**Work order**
Below is a listing with pictures in it; transcribe exactly the lines from the one that has "Ce mocassin souple" through the one that has "moreBeachside styling inspires", and omit those pictures.

━━━━━ Extracted records ━━━━━

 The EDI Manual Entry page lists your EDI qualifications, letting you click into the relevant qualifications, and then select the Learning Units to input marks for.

━━━━━
━━━━━ Extracted records ━━━━━

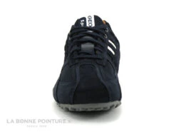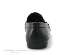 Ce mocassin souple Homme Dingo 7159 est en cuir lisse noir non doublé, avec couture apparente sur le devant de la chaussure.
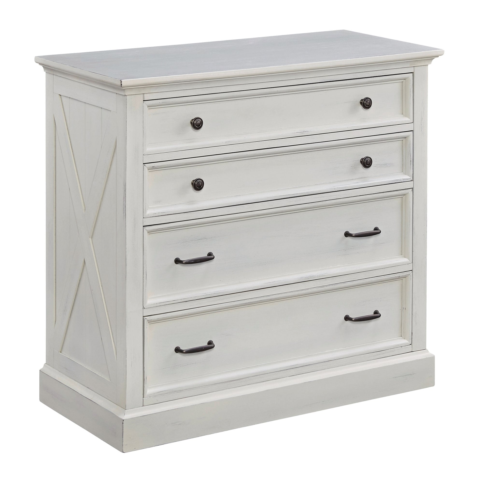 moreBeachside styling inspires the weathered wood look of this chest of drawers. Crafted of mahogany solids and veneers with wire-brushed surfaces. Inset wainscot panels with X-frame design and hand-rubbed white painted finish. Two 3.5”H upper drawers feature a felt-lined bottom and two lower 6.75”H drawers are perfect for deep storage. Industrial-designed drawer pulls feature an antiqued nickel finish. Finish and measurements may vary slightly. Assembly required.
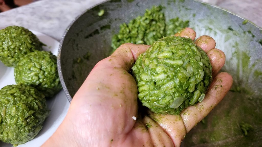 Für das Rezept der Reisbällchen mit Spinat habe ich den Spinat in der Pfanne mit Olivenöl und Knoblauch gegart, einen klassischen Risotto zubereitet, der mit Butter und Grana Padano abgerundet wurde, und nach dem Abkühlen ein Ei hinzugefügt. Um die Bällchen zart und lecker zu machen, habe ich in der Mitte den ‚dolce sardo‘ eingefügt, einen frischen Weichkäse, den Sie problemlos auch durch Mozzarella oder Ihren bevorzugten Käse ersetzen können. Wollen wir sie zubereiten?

━━━━━
━━━━━ Extracted records ━━━━━

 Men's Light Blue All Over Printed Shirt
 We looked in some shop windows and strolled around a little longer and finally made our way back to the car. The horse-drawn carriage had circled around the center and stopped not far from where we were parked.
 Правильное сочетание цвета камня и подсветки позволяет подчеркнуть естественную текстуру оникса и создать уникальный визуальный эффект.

━━━━━

**Written solution**
 Ce mocassin souple Homme Dingo 7159 est en cuir lisse noir non doublé, avec couture apparente sur le devant de la chaussure.
 moreBeachside styling inspires the weathered wood look of this chest of drawers. Crafted of mahogany solids and veneers with wire-brushed surfaces. Inset wainscot panels with X-frame design and hand-rubbed white painted finish. Two 3.5”H upper drawers feature a felt-lined bottom and two lower 6.75”H drawers are perfect for deep storage. Industrial-designed drawer pulls feature an antiqued nickel finish. Finish and measurements may vary slightly. Assembly required.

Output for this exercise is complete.